**Input data:**
- - - - -
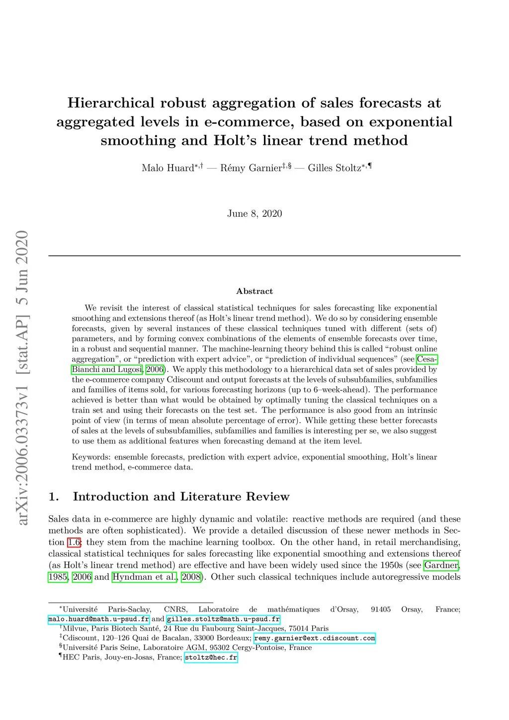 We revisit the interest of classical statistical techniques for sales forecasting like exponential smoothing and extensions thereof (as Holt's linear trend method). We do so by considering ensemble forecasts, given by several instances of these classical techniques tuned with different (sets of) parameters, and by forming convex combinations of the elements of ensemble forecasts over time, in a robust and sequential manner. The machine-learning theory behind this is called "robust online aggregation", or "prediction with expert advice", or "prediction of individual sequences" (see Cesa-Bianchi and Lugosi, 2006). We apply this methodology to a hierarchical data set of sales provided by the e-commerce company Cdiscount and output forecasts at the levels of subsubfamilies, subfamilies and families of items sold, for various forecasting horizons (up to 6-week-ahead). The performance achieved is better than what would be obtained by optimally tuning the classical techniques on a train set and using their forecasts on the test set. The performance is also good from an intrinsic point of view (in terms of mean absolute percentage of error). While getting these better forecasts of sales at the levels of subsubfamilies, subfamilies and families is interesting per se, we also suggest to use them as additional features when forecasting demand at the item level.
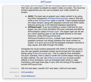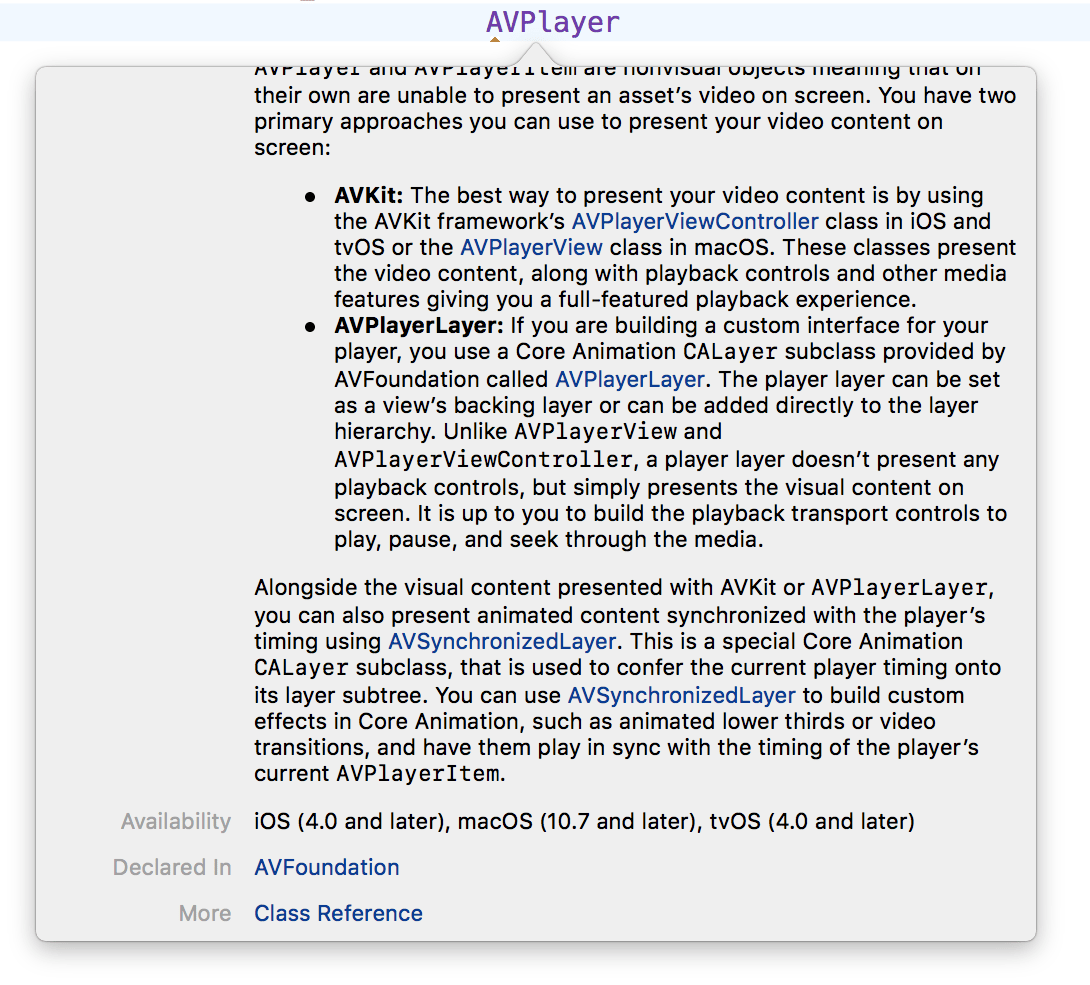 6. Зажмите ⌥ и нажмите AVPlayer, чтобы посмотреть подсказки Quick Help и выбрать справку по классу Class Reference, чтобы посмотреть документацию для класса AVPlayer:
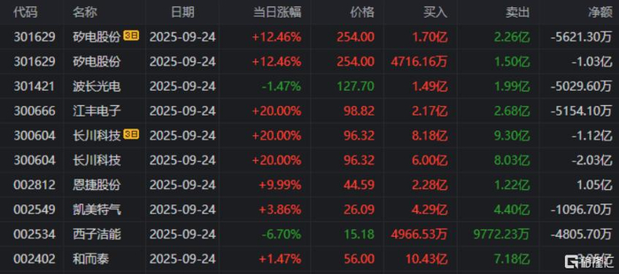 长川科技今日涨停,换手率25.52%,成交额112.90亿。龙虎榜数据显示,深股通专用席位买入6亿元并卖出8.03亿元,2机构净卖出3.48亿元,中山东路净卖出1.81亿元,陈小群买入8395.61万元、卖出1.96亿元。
- - - - -
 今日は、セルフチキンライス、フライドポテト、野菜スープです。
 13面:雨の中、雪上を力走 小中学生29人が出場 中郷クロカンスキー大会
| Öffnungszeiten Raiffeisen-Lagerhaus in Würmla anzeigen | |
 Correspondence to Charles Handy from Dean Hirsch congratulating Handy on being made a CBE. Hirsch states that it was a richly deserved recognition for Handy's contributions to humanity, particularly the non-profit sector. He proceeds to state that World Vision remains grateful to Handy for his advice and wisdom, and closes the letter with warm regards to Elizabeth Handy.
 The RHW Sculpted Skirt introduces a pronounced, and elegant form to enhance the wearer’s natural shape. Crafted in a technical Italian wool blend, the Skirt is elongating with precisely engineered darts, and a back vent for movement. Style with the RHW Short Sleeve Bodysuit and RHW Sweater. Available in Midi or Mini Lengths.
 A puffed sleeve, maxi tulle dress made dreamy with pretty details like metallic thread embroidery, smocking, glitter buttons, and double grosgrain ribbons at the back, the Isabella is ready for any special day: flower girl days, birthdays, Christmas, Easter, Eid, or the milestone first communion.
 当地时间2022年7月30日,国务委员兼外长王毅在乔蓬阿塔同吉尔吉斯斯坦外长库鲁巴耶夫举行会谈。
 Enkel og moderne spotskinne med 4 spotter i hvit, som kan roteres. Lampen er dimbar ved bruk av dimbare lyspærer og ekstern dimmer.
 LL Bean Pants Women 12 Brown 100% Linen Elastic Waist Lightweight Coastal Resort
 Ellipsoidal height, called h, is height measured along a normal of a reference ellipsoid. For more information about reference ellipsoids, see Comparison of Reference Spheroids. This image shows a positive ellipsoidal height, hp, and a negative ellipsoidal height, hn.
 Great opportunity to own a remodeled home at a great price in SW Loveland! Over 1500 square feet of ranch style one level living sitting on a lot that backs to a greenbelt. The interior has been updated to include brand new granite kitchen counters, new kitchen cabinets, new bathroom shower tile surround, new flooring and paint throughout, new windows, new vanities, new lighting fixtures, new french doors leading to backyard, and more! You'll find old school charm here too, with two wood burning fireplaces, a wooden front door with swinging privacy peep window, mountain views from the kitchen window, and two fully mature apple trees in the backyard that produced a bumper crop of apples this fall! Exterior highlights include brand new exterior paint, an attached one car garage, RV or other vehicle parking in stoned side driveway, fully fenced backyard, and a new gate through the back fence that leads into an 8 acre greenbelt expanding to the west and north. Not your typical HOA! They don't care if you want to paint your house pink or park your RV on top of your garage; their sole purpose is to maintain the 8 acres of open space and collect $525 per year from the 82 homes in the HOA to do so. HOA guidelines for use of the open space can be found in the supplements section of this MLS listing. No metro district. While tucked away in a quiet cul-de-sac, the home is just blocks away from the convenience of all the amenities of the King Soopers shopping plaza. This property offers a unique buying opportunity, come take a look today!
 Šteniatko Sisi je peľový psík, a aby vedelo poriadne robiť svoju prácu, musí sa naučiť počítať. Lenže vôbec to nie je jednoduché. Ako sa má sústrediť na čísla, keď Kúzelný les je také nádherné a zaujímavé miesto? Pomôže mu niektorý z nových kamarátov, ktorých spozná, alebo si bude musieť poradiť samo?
- - - - -
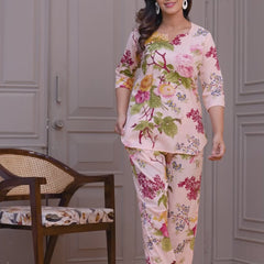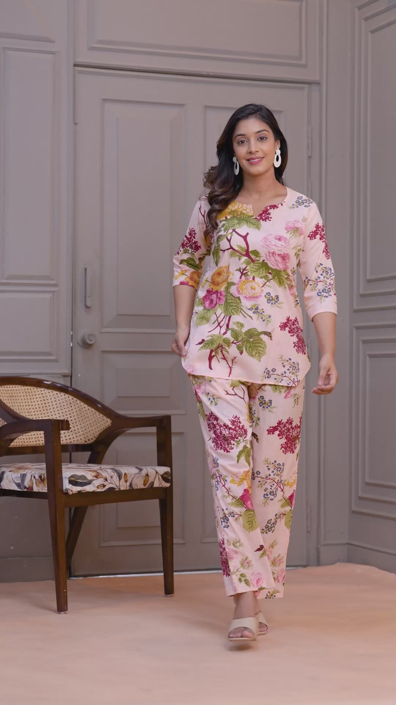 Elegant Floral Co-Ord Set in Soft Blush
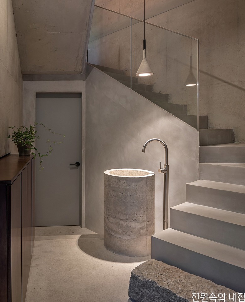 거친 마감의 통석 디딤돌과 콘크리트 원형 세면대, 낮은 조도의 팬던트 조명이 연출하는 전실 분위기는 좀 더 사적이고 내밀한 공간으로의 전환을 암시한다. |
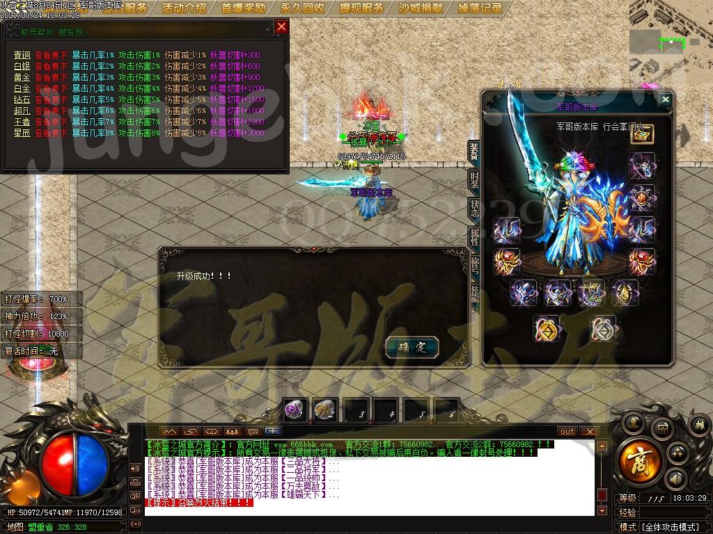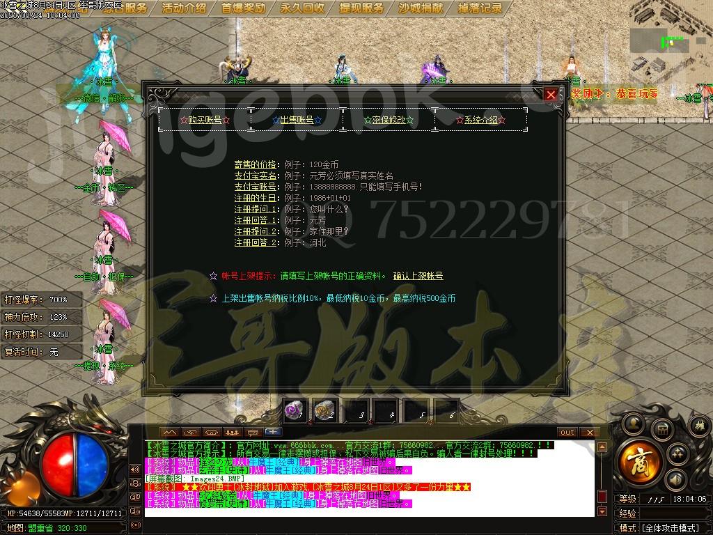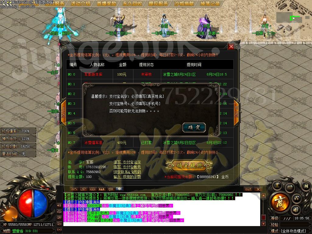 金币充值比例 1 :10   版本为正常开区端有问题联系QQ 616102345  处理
- - - - -
**Prompt:** Above are the records. Print exactly, and only, the lines from the line with "今日は、セルフチキンライス、フライドポテト、野菜スープです。" to the line with "LL Bean Pants", both inclusive.

**Solution for this exercise:**
 今日は、セルフチキンライス、フライドポテト、野菜スープです。
 13面:雨の中、雪上を力走 小中学生29人が出場 中郷クロカンスキー大会
| Öffnungszeiten Raiffeisen-Lagerhaus in Würmla anzeigen | |
 Correspondence to Charles Handy from Dean Hirsch congratulating Handy on being made a CBE. Hirsch states that it was a richly deserved recognition for Handy's contributions to humanity, particularly the non-profit sector. He proceeds to state that World Vision remains grateful to Handy for his advice and wisdom, and closes the letter with warm regards to Elizabeth Handy.
 The RHW Sculpted Skirt introduces a pronounced, and elegant form to enhance the wearer’s natural shape. Crafted in a technical Italian wool blend, the Skirt is elongating with precisely engineered darts, and a back vent for movement. Style with the RHW Short Sleeve Bodysuit and RHW Sweater. Available in Midi or Mini Lengths.
 A puffed sleeve, maxi tulle dress made dreamy with pretty details like metallic thread embroidery, smocking, glitter buttons, and double grosgrain ribbons at the back, the Isabella is ready for any special day: flower girl days, birthdays, Christmas, Easter, Eid, or the milestone first communion.
 当地时间2022年7月30日,国务委员兼外长王毅在乔蓬阿塔同吉尔吉斯斯坦外长库鲁巴耶夫举行会谈。
 Enkel og moderne spotskinne med 4 spotter i hvit, som kan roteres. Lampen er dimbar ved bruk av dimbare lyspærer og ekstern dimmer.
 LL Bean Pants Women 12 Brown 100% Linen Elastic Waist Lightweight Coastal Resort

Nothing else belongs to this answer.